Sensory Involvement in Amyotrophic Lateral Sclerosis

Round 1

Reviewer 1 Report

The manuscript (ijms-1996049) entitled “Sensory involvement in amyotrophic lateral sclerosis,” by Rubio, Herrando-Grabulosa, and Navarro review the of non-motor manifestations, including sensory and autonomic systems, and cognition, in patients with amyotrophic lateral sclerosis (ALS). They also review the involvement of other system in ALS including somatosensory, visual, olfactory, gustatory, and auditory. This could be a very interesting and needed publication, but in its current form falls short of this expectation.

The authors are correct in stating that “ALS is eminently a motor disease,” but they lose my enthusiasm when they write “sensory symptoms are not of great relevance for ALS patients.” They even conclude with the statement that “although generally irrelevant from a clinical point of view …” This is incorrect, at least it is in our clinic. For clinicians and researchers in the ALS community, these non-motor manifestations are very relevant. It is now widely accepted that ALS is a systemic disorder. The authors write that “the most clinically relevant non-motor feature is cognitive impairment, present in approximately 30-50% of patients.” This is correct and needs emphasized and expanded upon.
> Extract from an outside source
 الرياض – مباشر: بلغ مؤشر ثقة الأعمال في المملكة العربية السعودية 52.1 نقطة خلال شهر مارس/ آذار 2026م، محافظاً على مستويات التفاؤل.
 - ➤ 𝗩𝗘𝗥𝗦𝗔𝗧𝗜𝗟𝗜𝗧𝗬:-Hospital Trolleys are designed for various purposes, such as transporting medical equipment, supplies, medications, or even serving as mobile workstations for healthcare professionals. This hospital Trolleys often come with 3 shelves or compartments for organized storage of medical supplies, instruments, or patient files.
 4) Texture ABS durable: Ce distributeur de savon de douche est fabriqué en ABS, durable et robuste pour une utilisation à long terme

This reviewer thinks that the authors rely too heavily upon animal data and should concentrate primarily upon patient derived data.

            The manuscript is difficult to read. There are many sentences that do not make sense. For instance, line 39 and forward, the authors write “In these, it is discussed the role of sensory neurography to rule out other pathologies, pointing out that for an ALS diagnosis,…” Line 52 “It is unclear whether these extra-motor abnormalities occur in all patients, such that ALS can be considered a multisystem disorder, although with a core set of motor symptoms required for diagnosis [7,8].” Such grammatical errors occur throughout the manuscript.
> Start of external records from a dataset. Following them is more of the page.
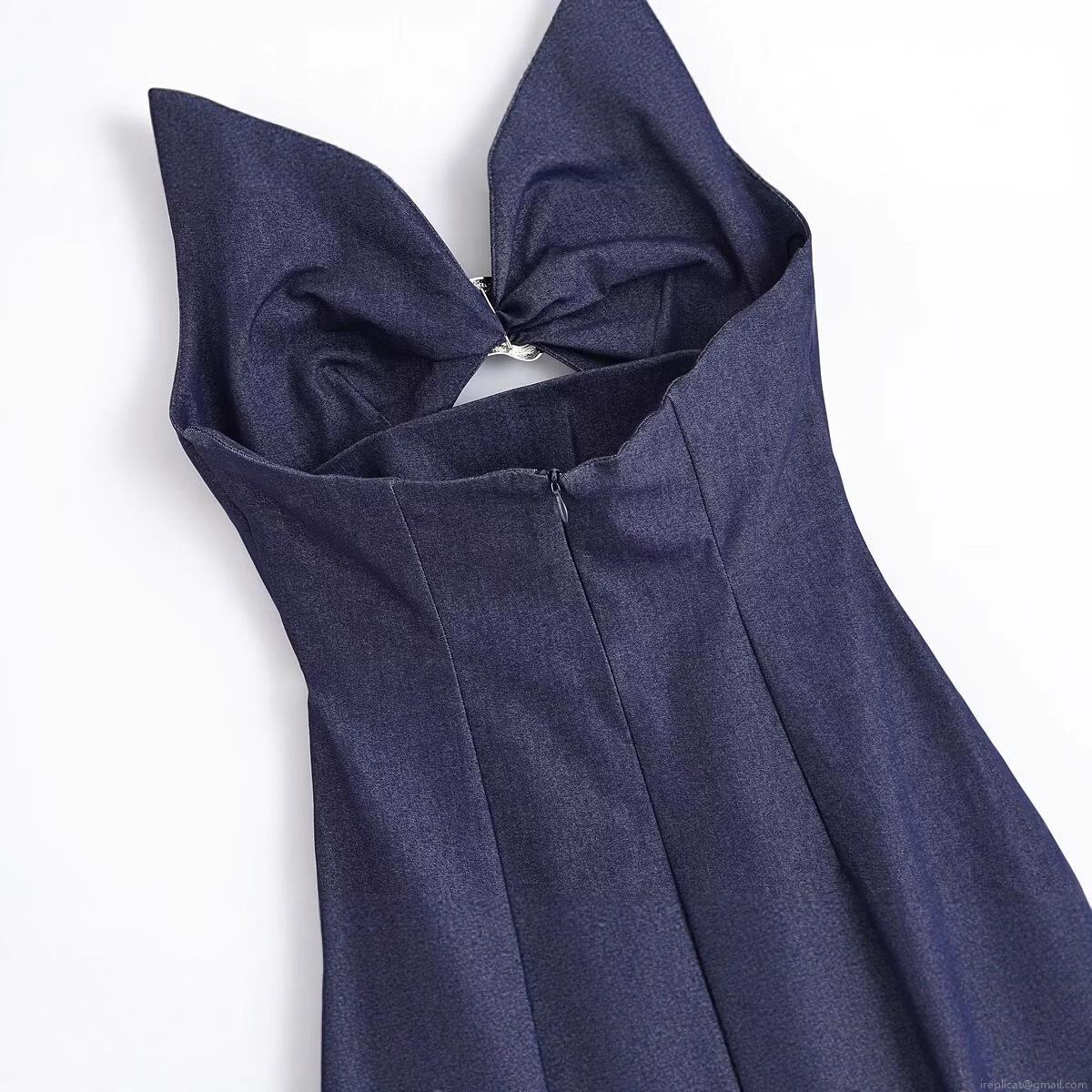 • Women Halter Neck Backless Midi Dress Denim Texture Polyester With Irregular Metal Ring Buckle Sexy Slit Hem Party Dress Summer Streetwear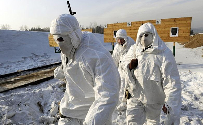 Russian soldiers wear snow camouflage during shooting exercises on February 22, 2011. Photo: IC - hexun.com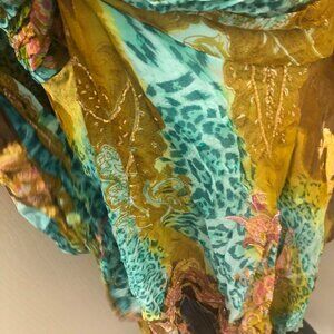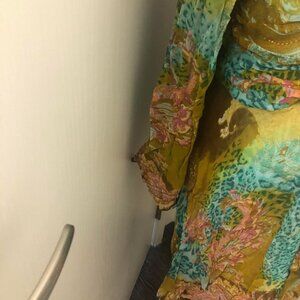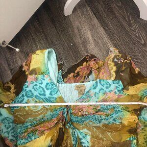 circa 00s. maximalist, Mixed Print top with beaded detailing. V neck/bias Cut style. Tunic length (not long enough to be a dress). label says size XL. pit to pit is approximately 19.5 inches, and can fit up to 39 inch bust. fits approximately a size M/L (size 10/12) modern.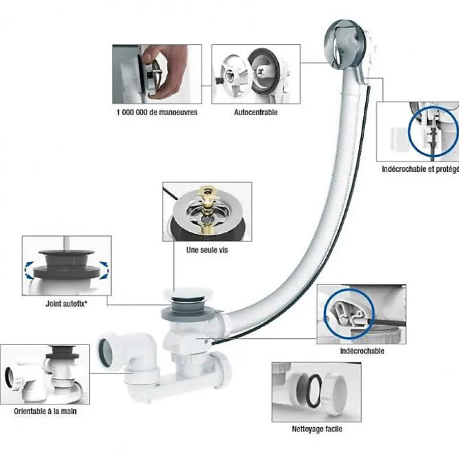 Mécanisme garanti, testé à plus de 1 million de manœuvres Pose facile : siphon à sortie orientable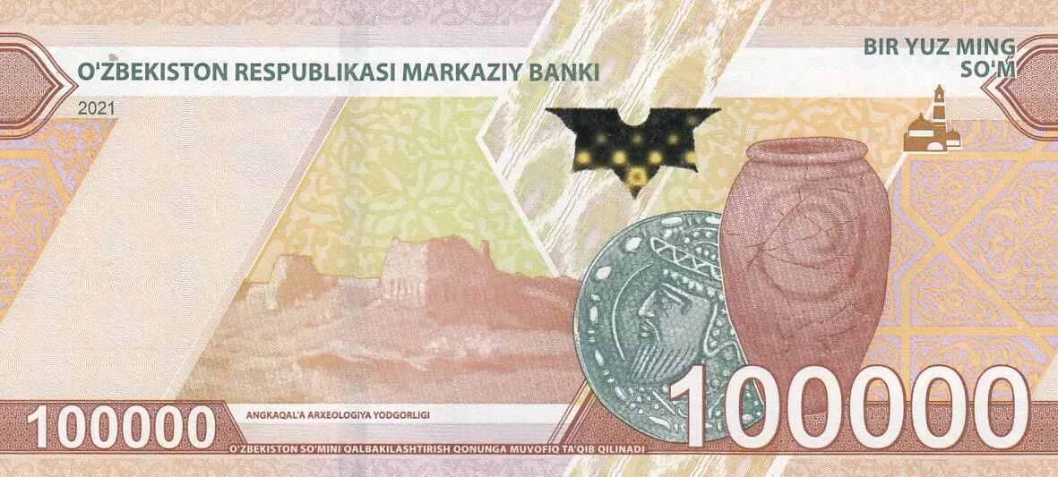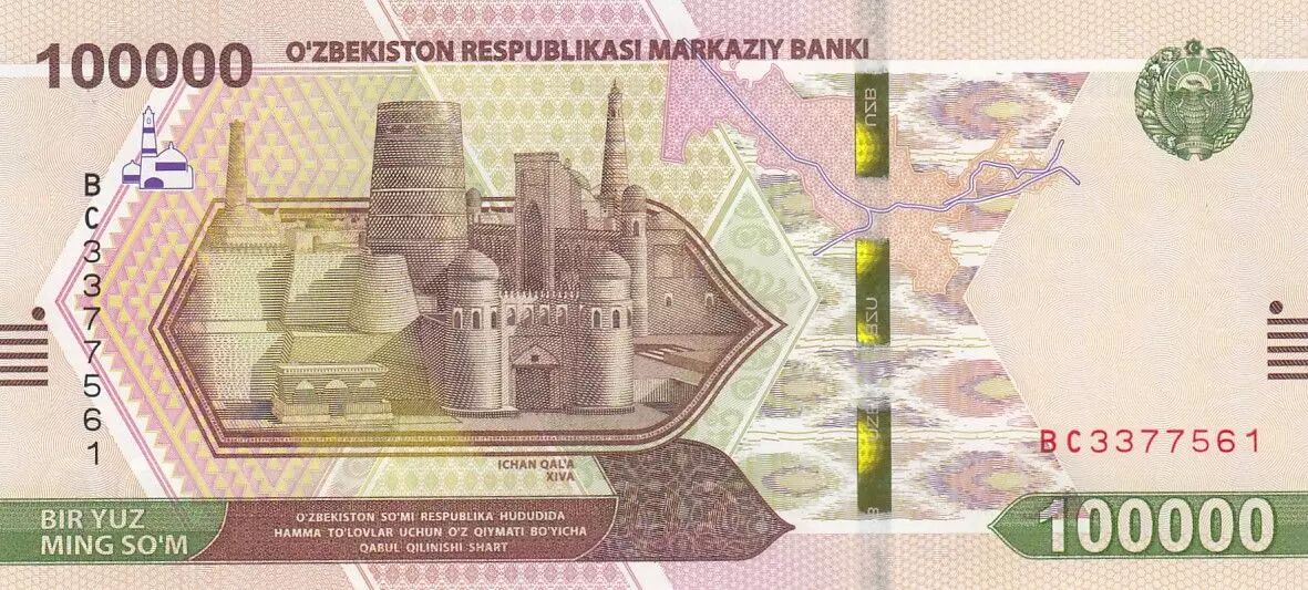Home > World Banknotes > Asian Banknotes > Uzbekistan > Uzbekistan 100.000 Som - Ichan Qal'a Museum in Khiva, Khorezm - 2021 - P.92a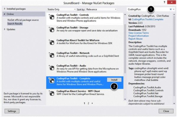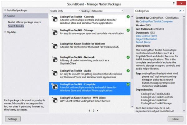 With a fresh install of Visual Studio 12, we need to update NuGet to get some of the new packages like the Coding4Fun toolkit. It's a really easy procedure for the installation and you can easily get this by a few mouse clicks.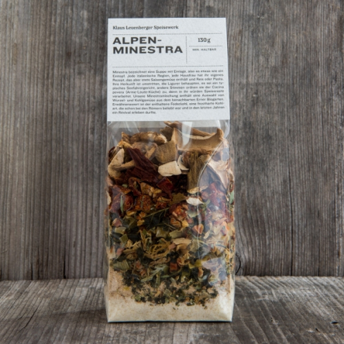 Zutaten: Karotten*, Kartoffeln, Tomaten, Lauch*, Wirz*, Federkohl*, Binntaler Waldpilze, Sellerie*, Liebstöckel, Bergkräuter*, (*alle aus dem Binntaler Biogarten), Salz, Maltodextrin, Hefeextrakt, Gewürze

            The authors write that “ALS patients are usually immobilized and confined to bed or a wheelchair, but they rarely develop bedsores, even in terminal stages.” The beginning clause of the sentence is incorrect. Patients are not in wheelchairs or bedridden until later in disease. The clause of this sentence is correct. On line 153, it should read “other investigators” and not “other authors.” On line 160, it is not “On this regard,” but “in this regard.” By convention, all paragraphs should be at least three sentences. The authors need an editor fluent in English and English grammar for this manuscript to be publishable.

Author Response

Dear editor,

We thank the reviewers and editor for their comments, as well as for the time dedicated to make constructive suggestions to improve the manuscript.

Based on the reviewers’ feedback we have made some changes that we believe that have introduced significant improvements in several parts of the text.

Below you will find the detailed list of changes to make as clear as possible the changes that we included into this revised version of the manuscript.

Figure 3 has been changed. This replacement is according to the standard of the ‘Review’ type article of IJMS, as agreed upon with the assistant editor.

Response to Reviewer 1:

Changes:

• Reviewer comment: The authors are correct in stating that “ALS is eminently a motor disease,” but they lose my enthusiasm when they write “sensory symptoms are not of great relevance for ALS patients.” They even conclude with the statement that “although generally irrelevant from a clinical point of view …” This is incorrect, at least it is in our clinic. For clinicians and researchers in the ALS community, these non-motor manifestations are very relevant.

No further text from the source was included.